The $1.2 trillion proposal includes $579 billion in new spending, including $312 billion for transportation projects.

The proposal could make the decades-long dream of a new Mississippi River bridge a reality.

"The 'new' Mississippi River bridge, which is about 60 years old, is at the top of that list," Cassidy said during an interview with WBRZ Thursday evening. "Of course, the state of Louisiana could change their priorities, but I can't imagine that happening. And, by the way, this is merely the financing of it. You['ve] still got to have the decision as to where to place it, how to build it, etc. But as far as the financing, this puts that in place."

The bipartisan framework includes reforms for bridge permitting, which Cassidy claims could expedite the project.
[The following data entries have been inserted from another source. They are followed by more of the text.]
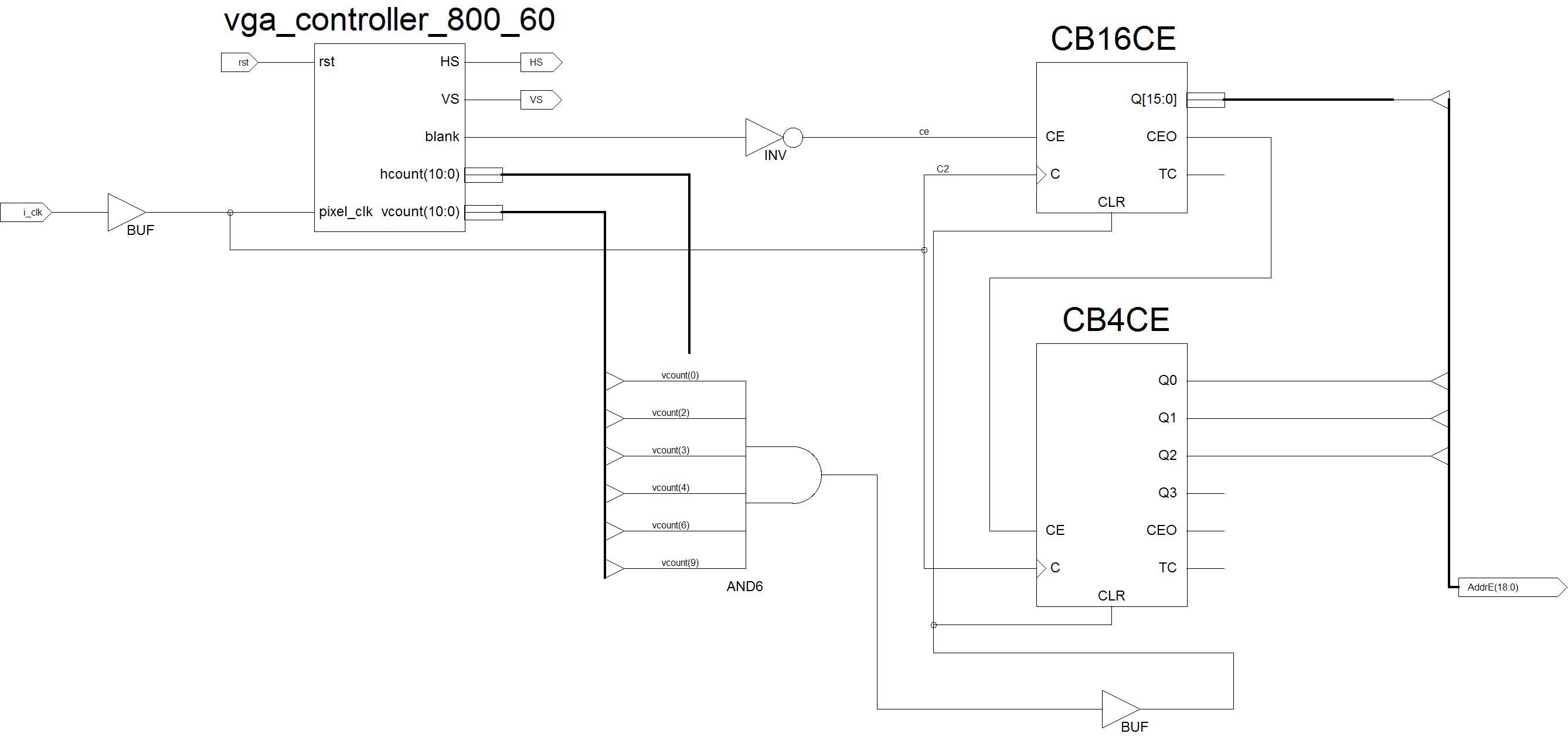 Fehler gefunden. Das AND für CLR muss 5 Kanäle haben für die Signale vcount2,4,5,6,9 Dumm, dass man den kurzen Impuls im Simulator nicht sieht. Hat jemand vielleicht noch eine bessere Idee zur Adressierung?
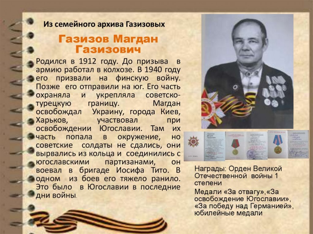 Миникаевой Анфисой Халяфовной представлены фотографии партизана и его документов из семейного архива Газизовых и из фондов Историко-краеведческого музея МБОУ ООШ д.Саузбаш Краснокамского района.
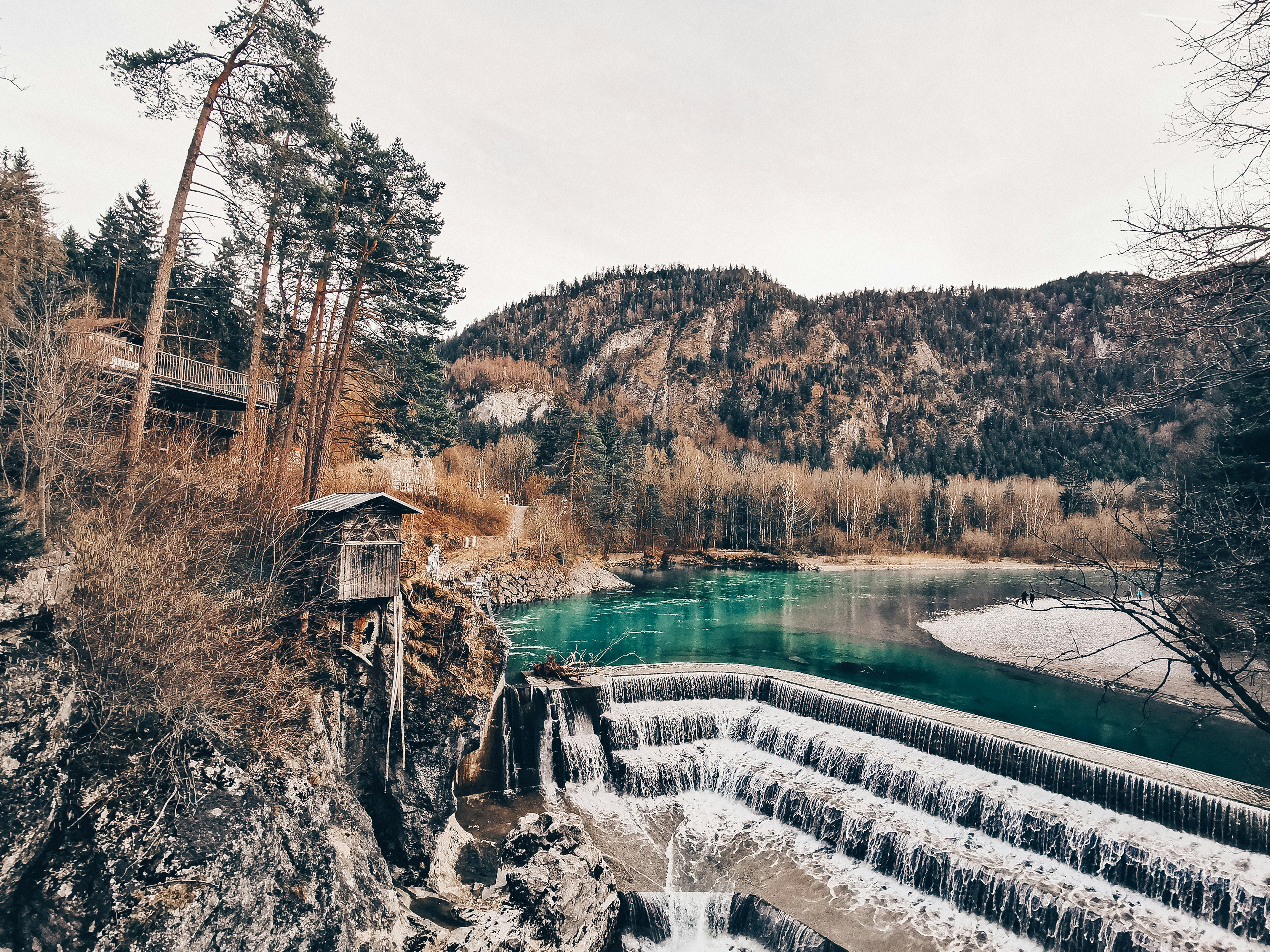 Der Lechwasserfall ist ein beeindruckender Wasserfall in Füssen, Deutschland, in der Nähe von Schloss Neuschwanstein. Dieser Wasserfall bietet fantastische Möglichkeiten für Fotografen, da er im wunderschönen Neuschwansteintal liegt. Hier können Sie atemberaubende Bilder mit der beeindruckenden Bergkulisse im Hintergrund machen. Es ist auch ein beliebter Ort für Wanderer, da in der Nähe viele Wanderwege durch den Wald führen. Die Wasserfälle bieten auch eine ruhige Atmosphäre, da es einen kleinen See und ein paar alte Statuen am Fuße der Wasserfälle gibt. Darüber hinaus gibt es viele Restaurants, Cafés und Souvenirläden in der Nähe. Sie können ganz einfach den Tag damit verbringen, diese einzigartige natürliche Umgebung zu erkunden und fantastische Fotos zu machen!
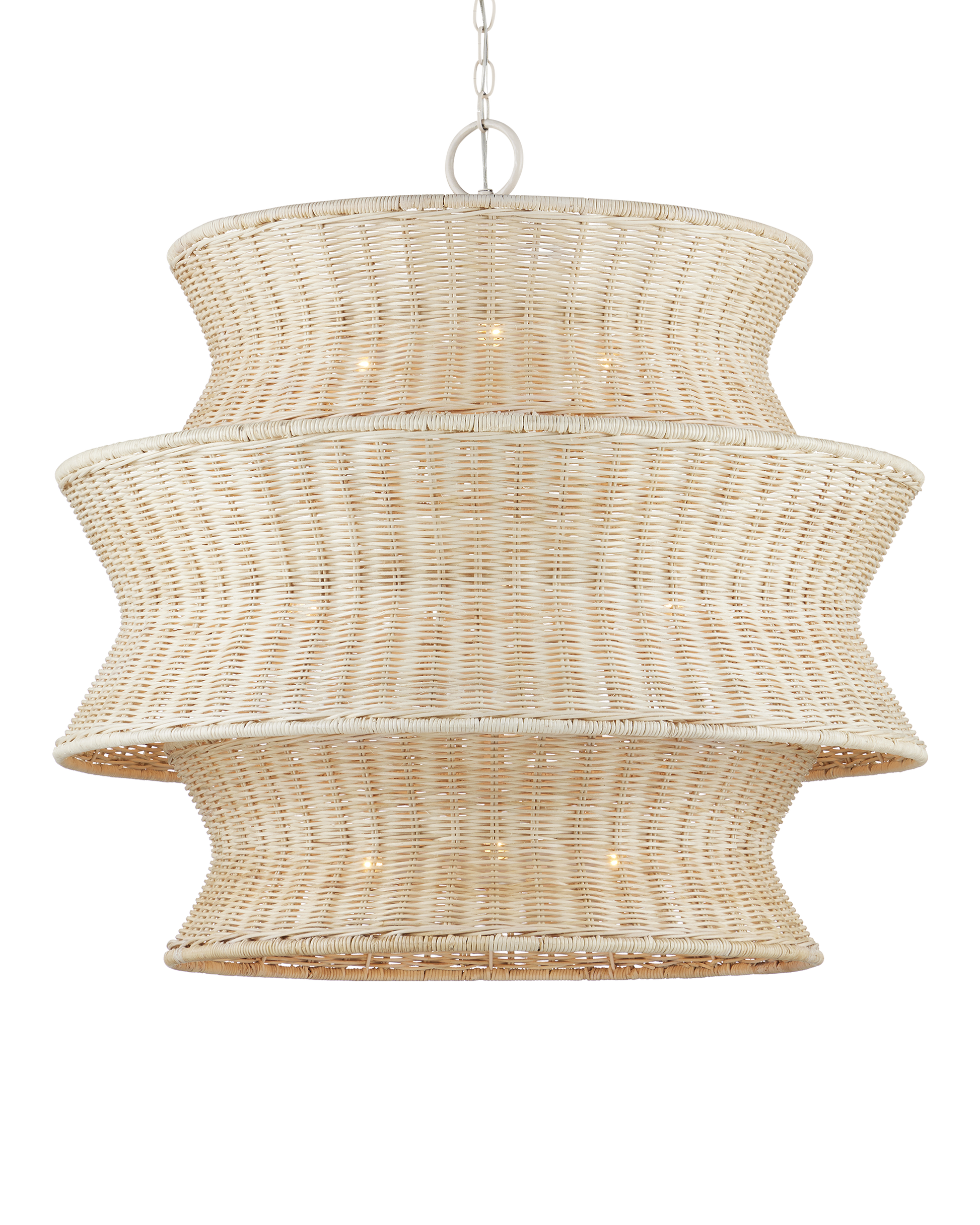 The Phebe Medium Chandelier is a dynamic design by Clarence Mallari that showcases the talents of our weavers and his own skill at working with natural materials. The three-tier white chandelier has such a cohesive appearance because the circular wire frames are wrapped in the same material, then the entire fixture has been bleached. The vanilla finish of the hardware keeps the design light and airy. Clarence was inspired by a natural material story when he designed the Phebe. Adjustable from 38.5" to 106.5" with use of included chain/rod kit/cable. If your space calls for a longer drop, additional chain/rods/cable is available for purchase.
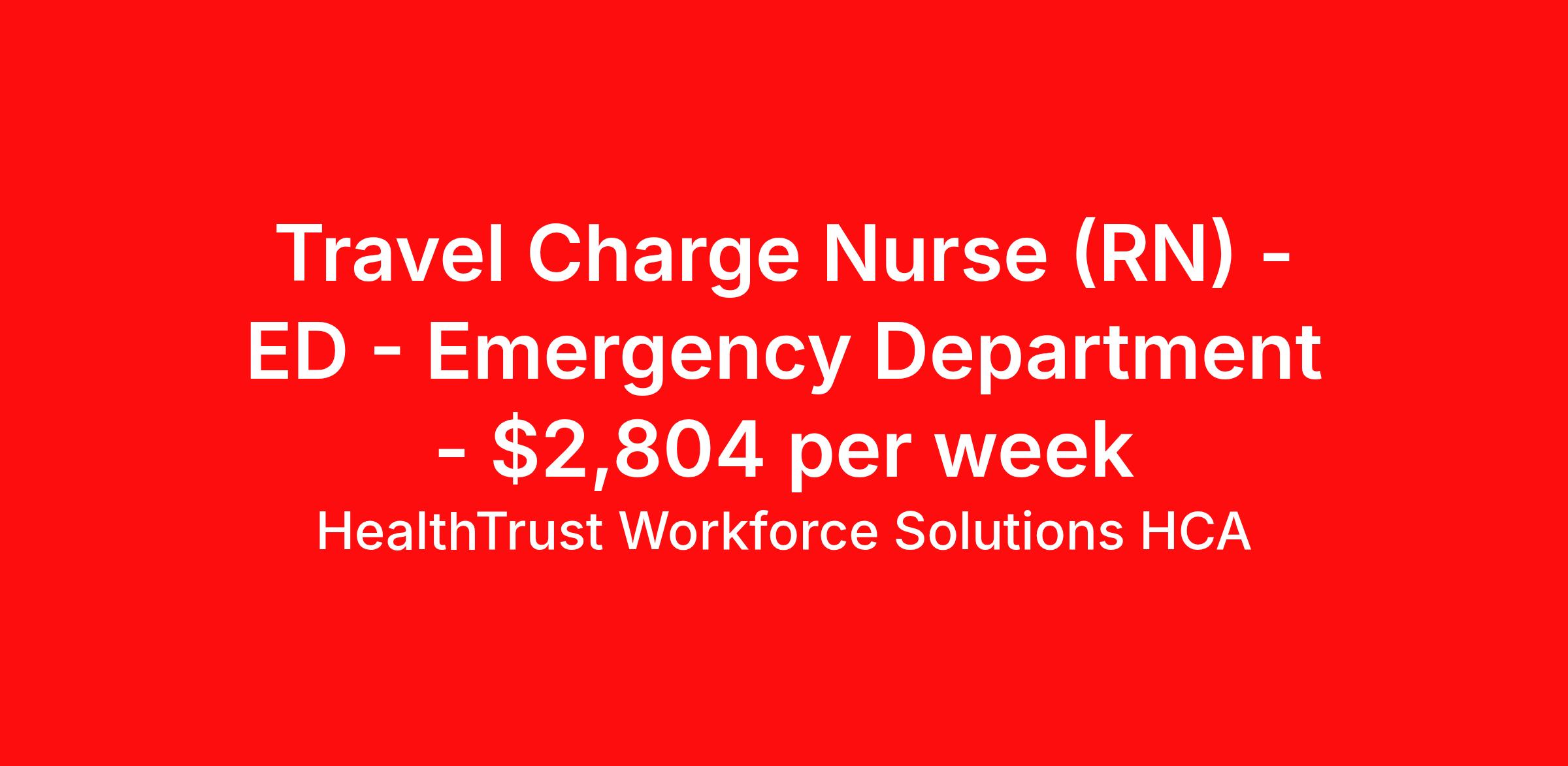 HealthTrust Workforce Solutions HCA is seeking a travel ED - Emergency Department Charge Nurse (RN) for a travel nursing job in Asheville, North Carolina. Job Description & Requirements Specialty: ED - Emergency Department Discipline: RN Start Date: 04/06/2026 Duration: 13 weeks 36 hours per week Shift: 12 hours, nights Employment Type: Travel Night Shift Must have Level 1 Charge RN ED Experience Must have ACLS, BLS, PALS, TNCC, CPI Must have : 2 years’ experience as a nurse with at least 1-year experience in ER setting, teamwork mentality, ability to coach and give feedback in real time. Flexibility to work in all areas of the ED. Active NC RN/ Compact License Guaranteed Hours Weekly Pay About HealthTrust Workforce Solutions HCA At HealthTrust Workforce Solutions, healthcare is not just about the four walls of a facility but about the people who provide and receive care. Our focus is on empowering healthcare professionals to deliver exceptional patient experiences by providing them with the necessary skills, tools, and support. We partner with healthcare facilities nationwide to ensure that the right professionals are in the right roles. We prioritize our clinicians by giving them a voice and access to opportunities to fulfill their mission of improving lives by providing quality patient care. We are committed to our core values of Trust, Innovation, Adaptability, Courage, and Accountability. We are dedicated to positively impacting the healthcare industry by providing first-priority access to more than 200,000 jobs nationwide to our healthcare professionals. Join us and be part of the HealthTrust family, where you can make a difference every day. We embrace our changing environment, and we maintain a culture that has a rich tradition of transforming itself to meet the challenges of the future. MISSION STATEMENT While putting great people in the right roles is essential, our mission is far greater. We want our clinicians to be part of the HealthTrust family, where healthcare professionals have a voice and are empowered with the right tools and opportunities to fulfill their personal mission of improving lives. Plus, as a preferred partner to thousands of top-performing hospitals, we provide our healthcare professionals with first-priority access to more than 200,000 jobs nationwide. Benefits Dental benefits Vision benefits Referral bonus Continuing Education Life insurance
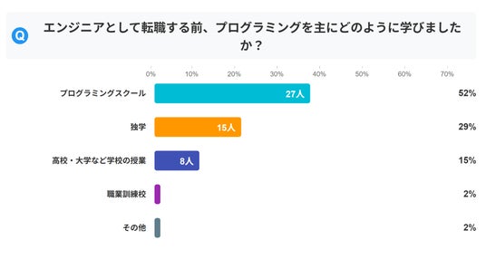 調査結果から、エンジニアに転職した女性の学習方法としては プログラミングスクール(52%)が最も多く、 次いで独学(29%)、 高校・大学など学校の授業(15%)という順になっています。 職業訓練校(2%)の利用者は少数派でした。
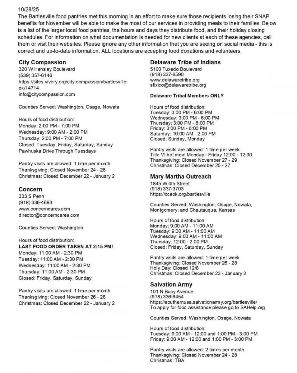 As some Bartlesville residents prepare for a loss of SNAP benefits in November, local food pantries are coordinating efforts to ensure families have access to meals throughout the holiday season. Several agencies have announced updated distribution schedules and holiday closures, while continuing to accept food donations and volunteers.
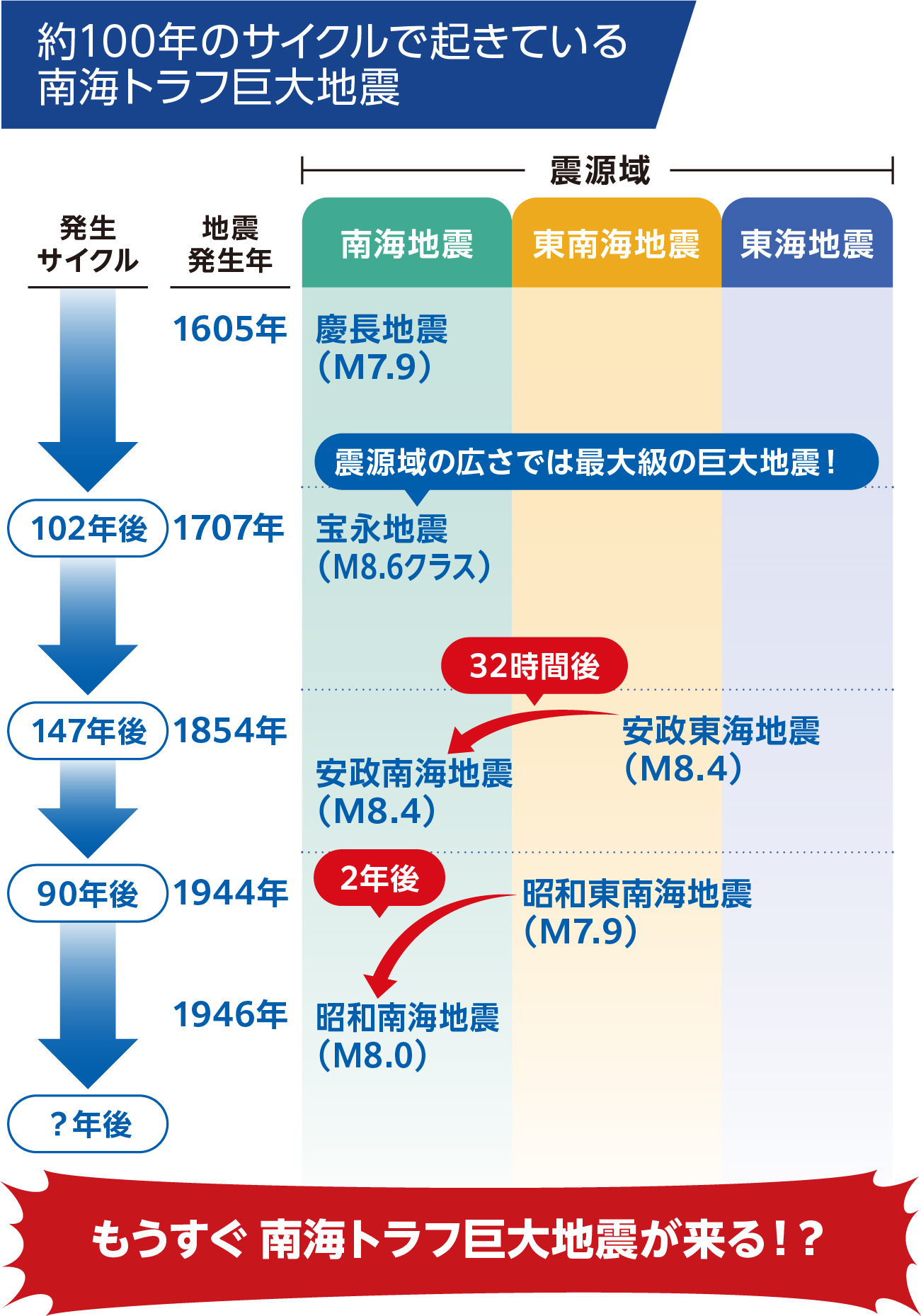 西日本の太平洋側は、約100〜150年ごとに海溝型の巨大地震に襲われてきました。これが南海トラフ巨大地震です。過去には、1707年、1854年、1946年と、規則的に発生しており、過去の例を詳しく調べると、地震の発生を挟んで内陸地震の「活動期」と「静穏期」が交互にやってくることが分かっています。
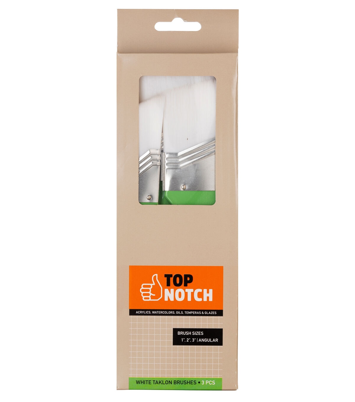 The White Taklon Long Angular Brushes by Top Notch will make a great gift for an artist in your life. This pack contains white Taklon brushes with angular bristles. These brushes come in three different sizes and are ideal for working with acrylics, watercolors, tempera, oil paints and glazes. They hold their shape and are great for adding thick strokes of paint.
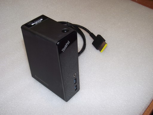 - Gniazdo blokady kabla służące do zapewniania fizycznego bezpieczeństwa znajdujące się z boku stacji dokującej ThinkPad OneLink
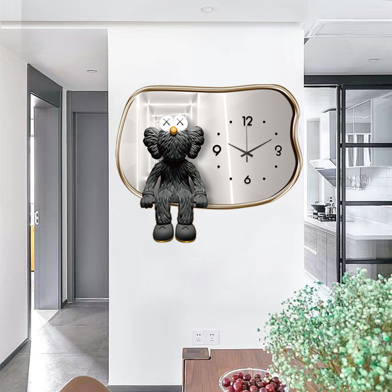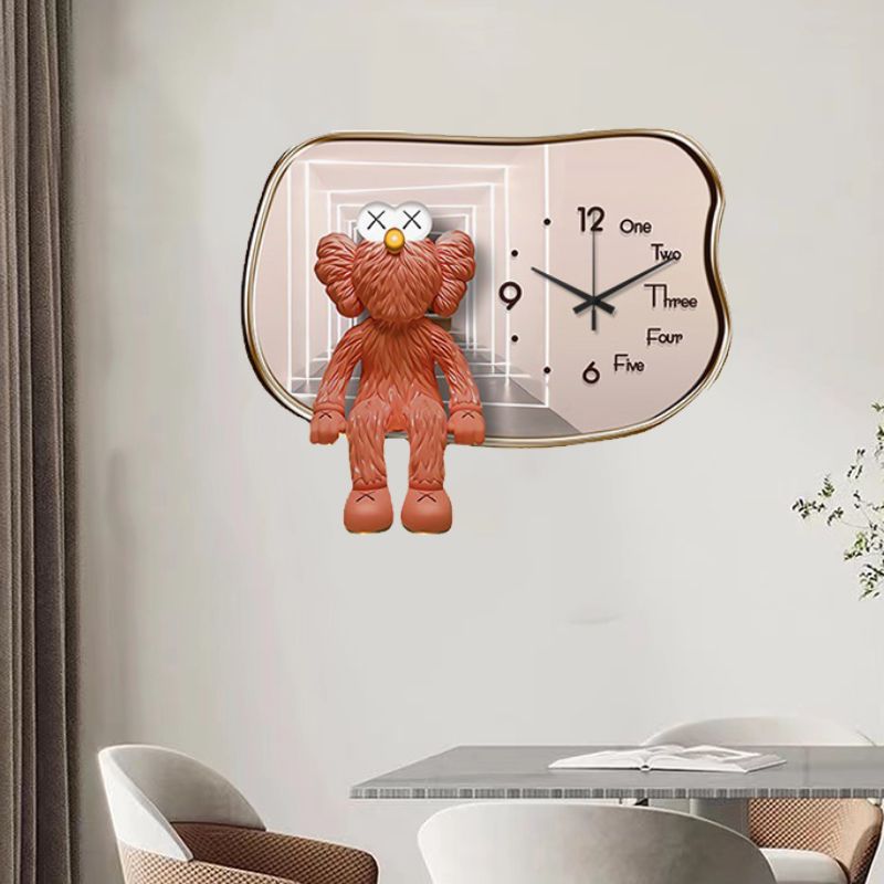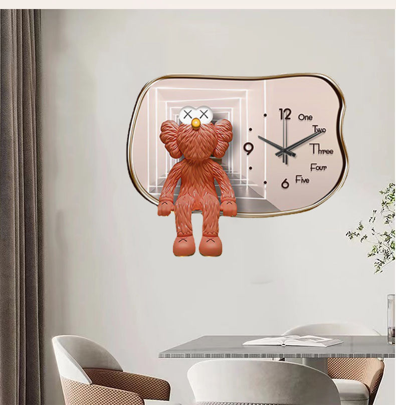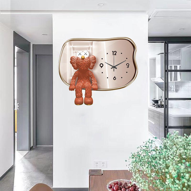 Nhà Máy Bán Buôn Bạo Lực Gấu Ánh Sáng Đồng Hồ Sang Trọng Đồng Hồ Treo Tường Phòng Khách Nhà Thời Trang Sáng Tạo Bầu Không Khí Đơn Giản Lưới Màu Đỏ Tường Trang Trí

Cassidy says his conversations with the president have focused on energy initiatives. Beyond traditional infrastructure, the proposal includes $266 billion for water, broadband, and environmental projects. In that pot, $47 billion is earmarked for coastal and climate resiliency, something Cassidy touted outside the White House.

"There's been an incredible problem associated with loss of coastline or flooding in these riverine systems," Cassidy said. "There's $47 billion for resiliency. When I called the White House, initially, to explore this, I said 'do you mean like coastal restoration? Do you mean like riverine systems, which are flooding, and maybe we can do something to make them more resilient? Or wildfires to try to tamp that down.' They said 'that's exactly what we're talking about.'"

Cassidy believes his group can get more lawmakers from both parties on board. In his pitch for support, he highlights the jobs this infrastructure plan would create.

Though he is optimistic, Cassidy cautions even after Thursday's huge step, plenty of work remains in both chambers of Congress before this could become a done deal.

"Let's meet together, keep your word, understand this is a bill all of us can get behind, then it can be signed into law," Cassidy said.